▶ [WORK REQUIRED]
Give every line of the material back exactly, images removed.

▶ [DATA SHOWN]
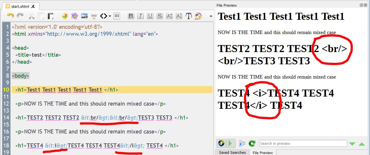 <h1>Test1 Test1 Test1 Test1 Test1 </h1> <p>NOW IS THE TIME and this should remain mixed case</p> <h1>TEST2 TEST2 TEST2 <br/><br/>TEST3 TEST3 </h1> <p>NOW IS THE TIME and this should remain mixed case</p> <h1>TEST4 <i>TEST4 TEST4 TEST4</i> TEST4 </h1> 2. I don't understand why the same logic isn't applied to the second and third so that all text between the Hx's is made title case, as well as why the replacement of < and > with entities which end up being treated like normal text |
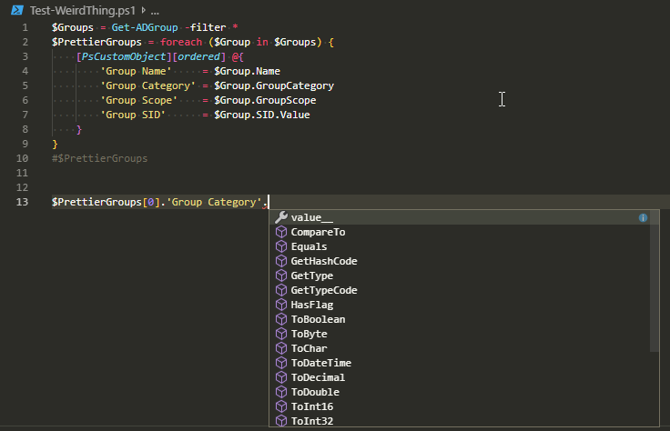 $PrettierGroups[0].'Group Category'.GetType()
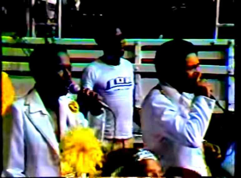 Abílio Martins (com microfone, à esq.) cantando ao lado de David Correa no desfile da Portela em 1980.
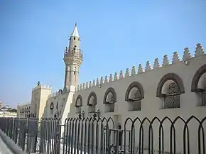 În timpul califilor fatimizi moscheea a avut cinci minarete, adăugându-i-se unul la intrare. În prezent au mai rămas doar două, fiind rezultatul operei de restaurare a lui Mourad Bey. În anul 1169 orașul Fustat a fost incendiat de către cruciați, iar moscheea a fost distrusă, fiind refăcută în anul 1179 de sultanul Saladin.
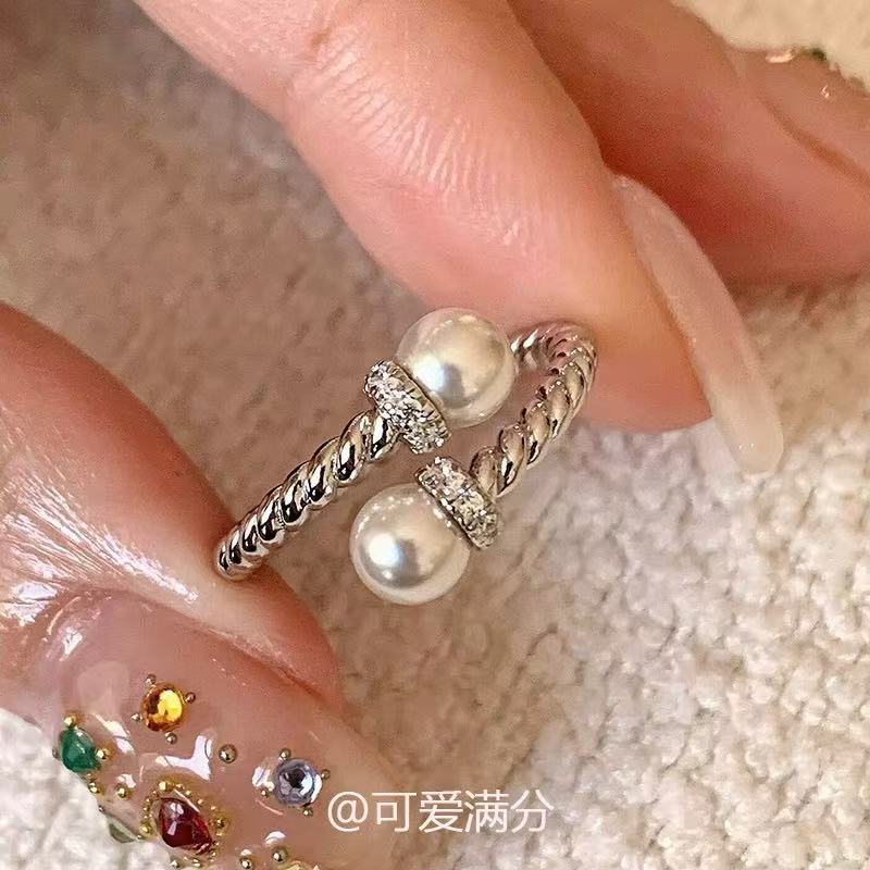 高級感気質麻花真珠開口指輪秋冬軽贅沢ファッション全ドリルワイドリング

▶ [SOLUTION]
 <h1>Test1 Test1 Test1 Test1 Test1 </h1> <p>NOW IS THE TIME and this should remain mixed case</p> <h1>TEST2 TEST2 TEST2 <br/><br/>TEST3 TEST3 </h1> <p>NOW IS THE TIME and this should remain mixed case</p> <h1>TEST4 <i>TEST4 TEST4 TEST4</i> TEST4 </h1> 2. I don't understand why the same logic isn't applied to the second and third so that all text between the Hx's is made title case, as well as why the replacement of < and > with entities which end up being treated like normal text |
 $PrettierGroups[0].'Group Category'.GetType()
 Abílio Martins (com microfone, à esq.) cantando ao lado de David Correa no desfile da Portela em 1980.
 În timpul califilor fatimizi moscheea a avut cinci minarete, adăugându-i-se unul la intrare. În prezent au mai rămas doar două, fiind rezultatul operei de restaurare a lui Mourad Bey. În anul 1169 orașul Fustat a fost incendiat de către cruciați, iar moscheea a fost distrusă, fiind refăcută în anul 1179 de sultanul Saladin.
 高級感気質麻花真珠開口指輪秋冬軽贅沢ファッション全ドリルワイドリング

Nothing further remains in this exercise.